- Assigned task: Please keep the pictures out and write out exactly the lines from the first in the data below through the one containing "Θήκη τηλεφώνου από", both included.

- Given data:
========================

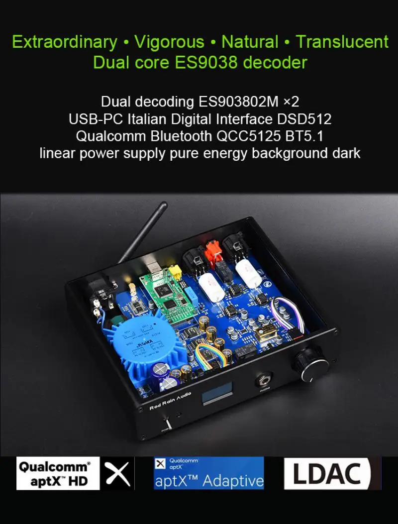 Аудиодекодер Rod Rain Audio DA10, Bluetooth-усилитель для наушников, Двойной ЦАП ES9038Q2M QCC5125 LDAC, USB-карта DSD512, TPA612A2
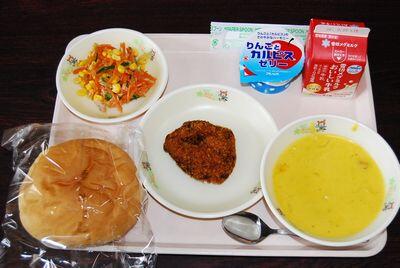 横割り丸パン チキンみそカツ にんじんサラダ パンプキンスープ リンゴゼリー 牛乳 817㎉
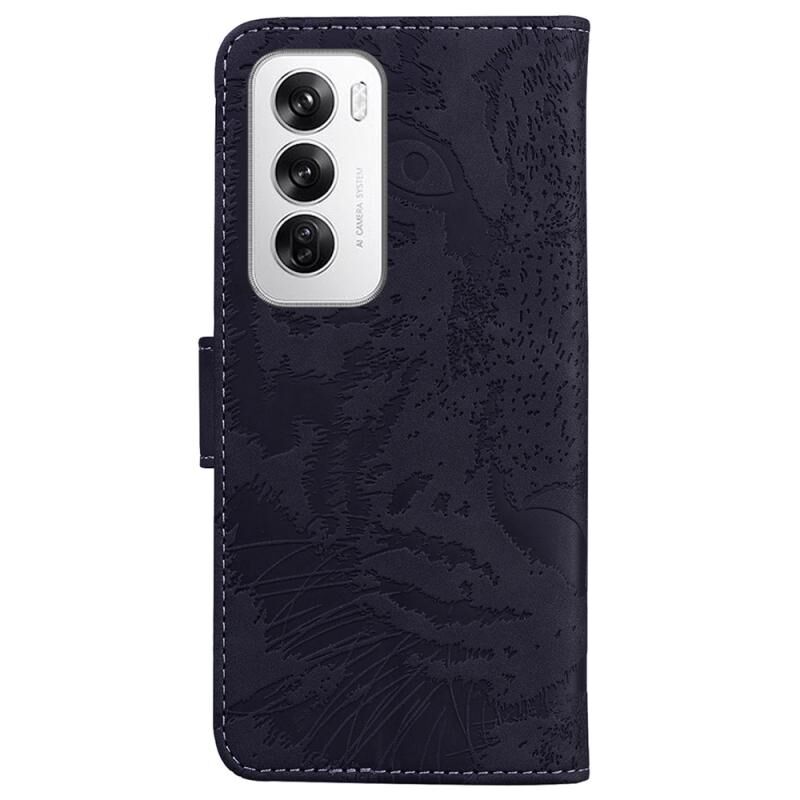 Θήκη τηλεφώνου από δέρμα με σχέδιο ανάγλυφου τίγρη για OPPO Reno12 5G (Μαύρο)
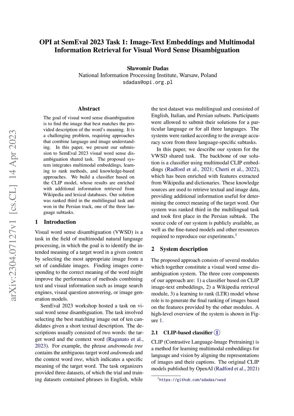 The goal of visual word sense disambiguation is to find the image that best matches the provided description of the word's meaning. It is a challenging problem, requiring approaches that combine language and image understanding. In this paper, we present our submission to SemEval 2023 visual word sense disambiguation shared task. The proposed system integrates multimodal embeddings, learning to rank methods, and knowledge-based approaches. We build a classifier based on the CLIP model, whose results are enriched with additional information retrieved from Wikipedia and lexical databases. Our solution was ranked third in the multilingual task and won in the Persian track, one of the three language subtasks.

========================

- Answer area:
 Аудиодекодер Rod Rain Audio DA10, Bluetooth-усилитель для наушников, Двойной ЦАП ES9038Q2M QCC5125 LDAC, USB-карта DSD512, TPA612A2
 横割り丸パン チキンみそカツ にんじんサラダ パンプキンスープ リンゴゼリー 牛乳 817㎉
 Θήκη τηλεφώνου από δέρμα με σχέδιο ανάγλυφου τίγρη για OPPO Reno12 5G (Μαύρο)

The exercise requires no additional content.